A bar chart of accuracy per layer for Elo and board state in 4 different models

Stockfish Elo Estimate

Elo estimation of Stockfish levels is complex with several variables at play. An official estimate of Stockfish 16 Elos can be obtained in a commit on the official Stockfish repo. In this case, Stockfish 16 level 0 is Elo 1,320. The official Stockfish testing was performed using 120 seconds per move, which is prohibitively expensive for tens of thousands of games on GPU machines. The particular processor being used per machine is another variable.

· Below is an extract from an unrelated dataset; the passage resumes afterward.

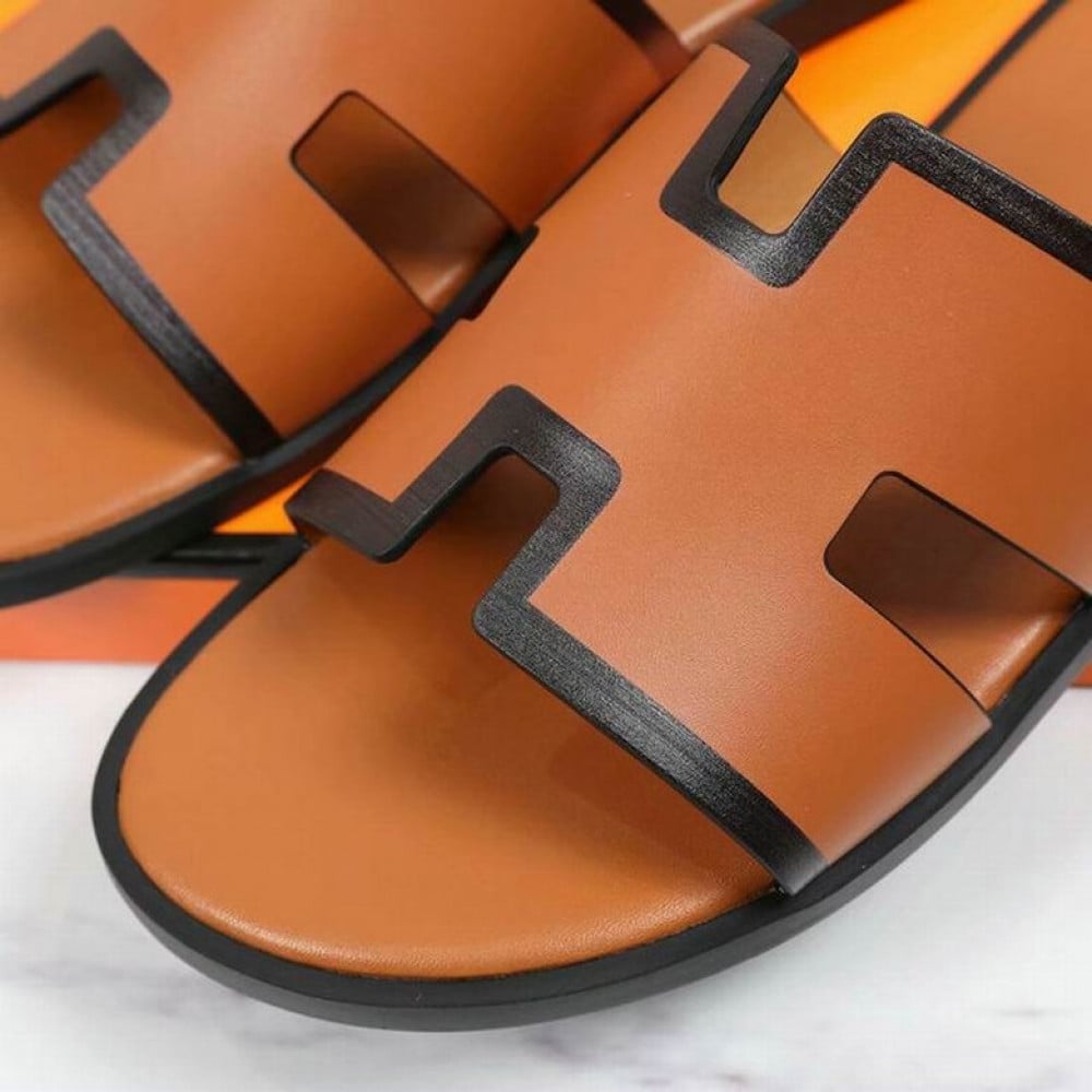 صندل هيرميس مصنوع من جلد العجل مزين بفتحة حرف "H" الأيقونية ذات الحواف الخام. من طراز هيرميس الأيقوني ، هذه الصورة الظلية قطعة أساسية في كل خزانة ملابس.

To estimate the Elo of Stockfish level 0 at 0.1 seconds per move, I had it play 1,000 games as white against Stockfish level 0 with 0.1, 1.0 and 10.0 seconds per move. The win rate of 0.1 vs 0.1 seconds was 51%, 0.1 vs 1.0 seconds was 45%, and 0.1 vs 10.0 seconds was 45%. At low Stockfish levels, a 100x decrease in search time makes little difference in Stockfish’s win rate. In contrast, at higher Stockfish levels, decreasing search time makes a significant difference in win rate. Thus, a reasonable approximation of Stockfish 16 level 0 with 0.1 seconds per move is Elo 1300.

  1. Lichess’s Elo ratings appear to run high. The average chess.com Elo is around 800. A quick google shows that many believe Lichess ratings are on average a few hundred Elo higher than other websites’ Elo ratings.